The important part is not the exact endpoint. The important part is that the agent sees one stable contract. It does not know about Actors, datasets, run IDs, browser sessions, or selector logic.

If the provider requires async polling, keep that inside the adapter too:

async function pollJob(jobUrl: string, apiKey: string) {
  for (let attempt = 0; attempt < 20; attempt++) {
    const res = await fetch(jobUrl, { headers: { "X-API-Key": apiKey } });
    const body = await res.json();

    if (body.status === "completed") return body.data;
    if (body.status === "failed") throw new Error(body.error?.message ?? "Job failed");

    await new Promise(resolve => setTimeout(resolve, 1000));
  }

  throw new Error("Extraction timed out after 20 seconds");
}

This prevents a common bug in agent systems: letting provider-specific states leak into prompt logic. Your LLM should not need to reason about RUNNING, READY, TIMED-OUT, and dataset item count = 0 unless those states mean something to the user.

Structured output beats raw HTML for most LLM paths

Raw HTML is useful if you are building a crawler or debugging selectors.
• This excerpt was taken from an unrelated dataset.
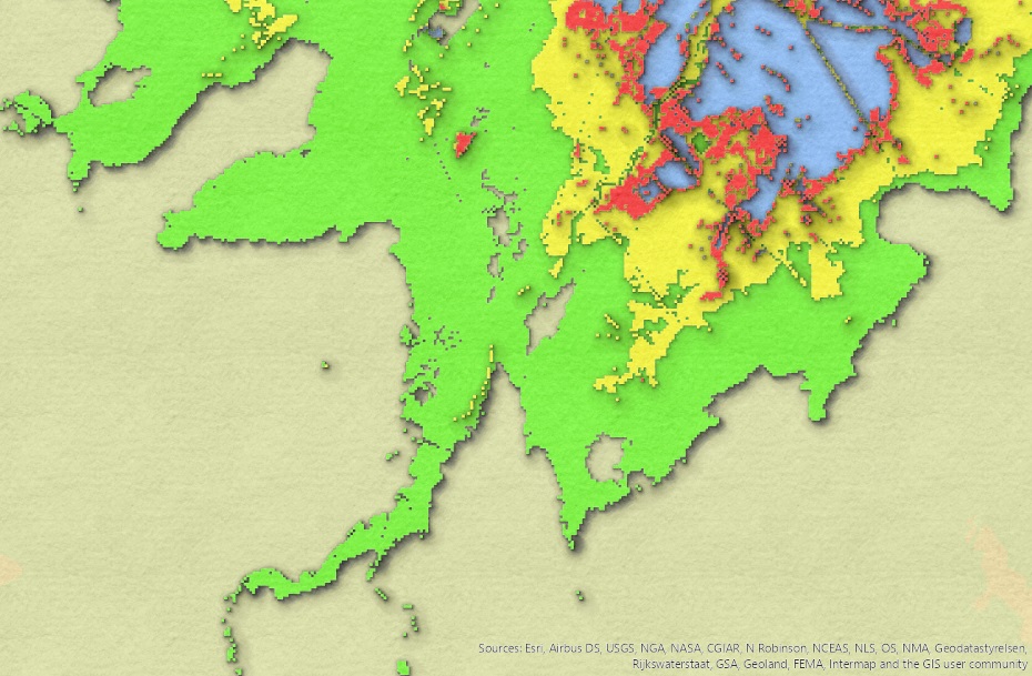 Enter @john_m_nelson's treasure trove of ArcGIS Pro map styles, augmented by not a few YouTube videos on those and beyond. Papercut works well for topography, but following his advice "not to use tools as originally intended" - a must-see is his masterclass in Geospatial Frontiers - I wondered if it could illustrate the sea creeping over land? Tan (above sea level) and blue (below sea level) are the topography, red/yellow/green are 0.5, 2 and 6 m. sea level rise models explained here with geographic context. Coastal inundation from NE to SW uncovers new estuaries and promontories.

It is less useful when the next step is a function call, embedding job, or RAG chunk.

A selector-based scraper can fail quietly when a site changes markup:

const price = document.querySelector(".product-price")?.textContent;

// Later:
if (!price) {
  // Was the product free, unavailable, blocked, or did the selector break?
}

That ambiguity matters. If the extraction layer cannot distinguish “field not present” from “page blocked” from “selector stale”, your LLM workflow has to guess.

A better failure response looks like this:

{
  "status": "failed",
  "error": {
    "code": "EXTRACTION_FAILED",
    "message": "Could not locate price field on rendered page"
  }
}

That gives your application something deterministic to do: retry, ask for a different URL, fall back to another provider, or tell the user what happened.

Wire exposes structured error states for authentication, credit, and execution failures, which fits this adapter pattern better than parsing multi-stage job logs in the agent layer.

How to choose without overfitting to one tool

Pick an orchestration platform if your main problem is operating scraping workflows at scale. Pick a direct extraction API if your main problem is feeding structured web data into an LLM with as little glue code as possible.

The quick test is this: if you removed the LLM from your application, would you still need queues, scheduled runs, stored datasets, and shared scraper assets? If yes, orchestration probably belongs in your architecture. If no, keep the extraction layer small and make the contract boring.

A practical next step: write the ExtractionRequest and ExtractionResult types for your app before choosing a provider, then build one adapter around them and make sure failed extraction never reaches your prompt as empty data.